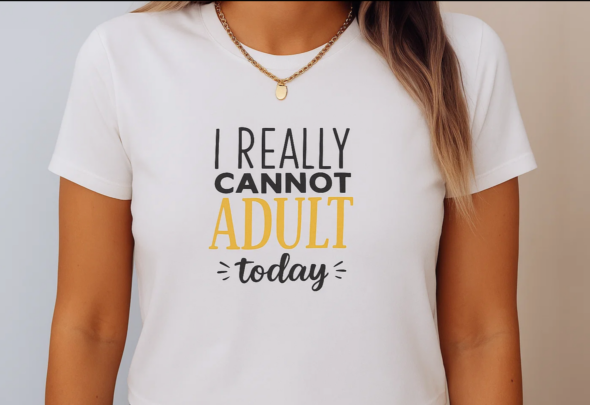The adulting struggles tee carries a playful message that says exactly what you’re thinking—“I really cannot adult today”—without you having to explain. Whether you’re chilling at home, running weekend errands, or catching up with friends, it sets a fun, lighthearted tone that everyone can relate to. The tear-away label prevents itching and irritation, so you stay comfortable from coffee breaks to couch time. Side seams help the shirt hold its shape through repeated wear and washes, while the ribbed knit collar ensures it stays looking fresh.
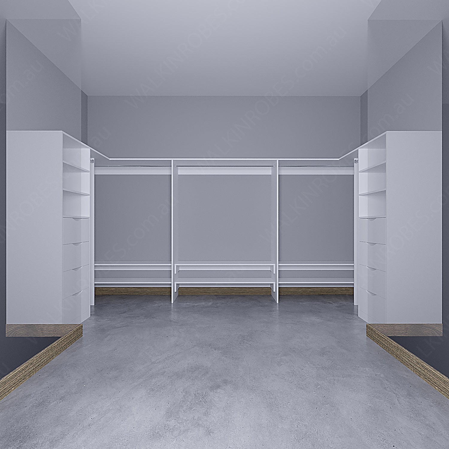 This U-Shape model from walkinrobes.com.au is perfect for organizing walk-in-robes, pantries, and master bedrooms. It is customized with drawer units, shelving, and various hanging options, including shoe shelves, for maximum storage possibilities. Take advantage of its flexibility and optimize your storage space.
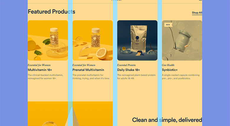 Our second example is from Ritual.com, a vitamin company. This design uses a column grid to create an attractive visual experience. At this screen size, four consistently sized columns make up the grid structure and elements are aligned to and within these columns. The gutters, the spaces in between the columns, are also consistently sized and help the user visually separate the different products. The margins are independently sized and are the same between the left and right sides.
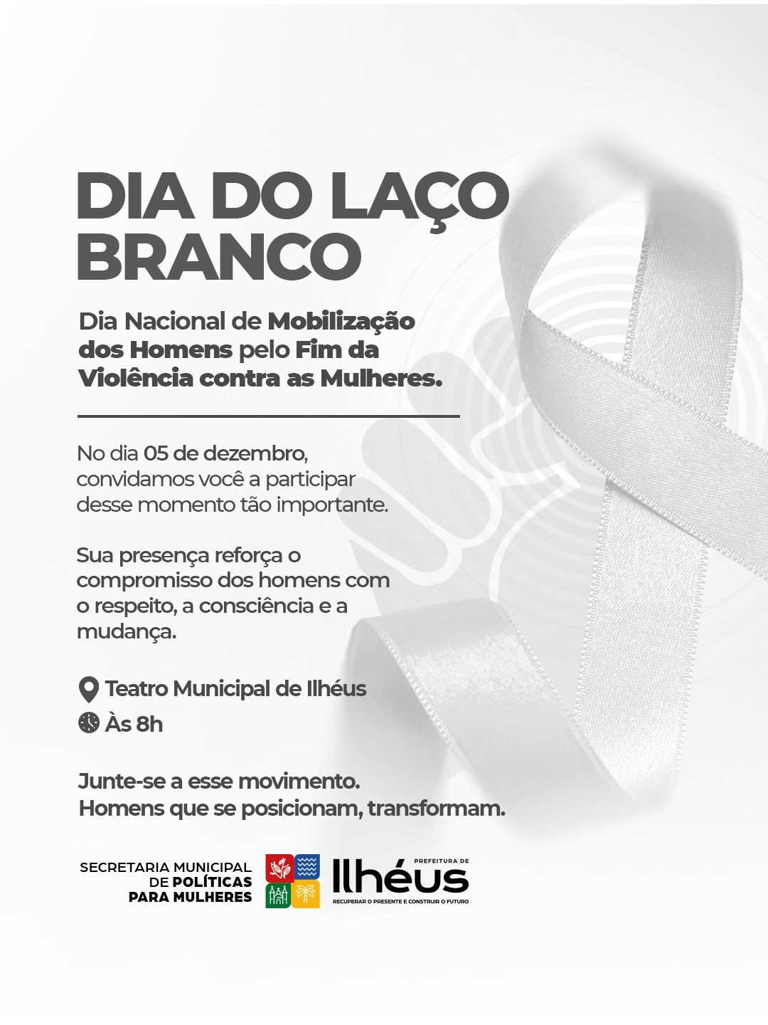 A Prefeitura de Ilhéus, por meio da Secretaria Municipal de Políticas para Mulheres, realiza, nesta sexta-feira (05), uma ação referente ao Dia do Laço Branco — Dia Nacional de Mobilização dos Homens pelo Fim da Violência contra as Mulheres. A data busca chamar a atenção para a responsabilidade masculina na construção de relações mais justas e seguras, incentivando atitudes que promovam respeito e prevenção.

__Directions__
Type the material out again exactly. Skip the pictures.

__Task result__
The adulting struggles tee carries a playful message that says exactly what you’re thinking—“I really cannot adult today”—without you having to explain. Whether you’re chilling at home, running weekend errands, or catching up with friends, it sets a fun, lighthearted tone that everyone can relate to. The tear-away label prevents itching and irritation, so you stay comfortable from coffee breaks to couch time. Side seams help the shirt hold its shape through repeated wear and washes, while the ribbed knit collar ensures it stays looking fresh.
 This U-Shape model from walkinrobes.com.au is perfect for organizing walk-in-robes, pantries, and master bedrooms. It is customized with drawer units, shelving, and various hanging options, including shoe shelves, for maximum storage possibilities. Take advantage of its flexibility and optimize your storage space.
 Our second example is from Ritual.com, a vitamin company. This design uses a column grid to create an attractive visual experience. At this screen size, four consistently sized columns make up the grid structure and elements are aligned to and within these columns. The gutters, the spaces in between the columns, are also consistently sized and help the user visually separate the different products. The margins are independently sized and are the same between the left and right sides.
 A Prefeitura de Ilhéus, por meio da Secretaria Municipal de Políticas para Mulheres, realiza, nesta sexta-feira (05), uma ação referente ao Dia do Laço Branco — Dia Nacional de Mobilização dos Homens pelo Fim da Violência contra as Mulheres. A data busca chamar a atenção para a responsabilidade masculina na construção de relações mais justas e seguras, incentivando atitudes que promovam respeito e prevenção.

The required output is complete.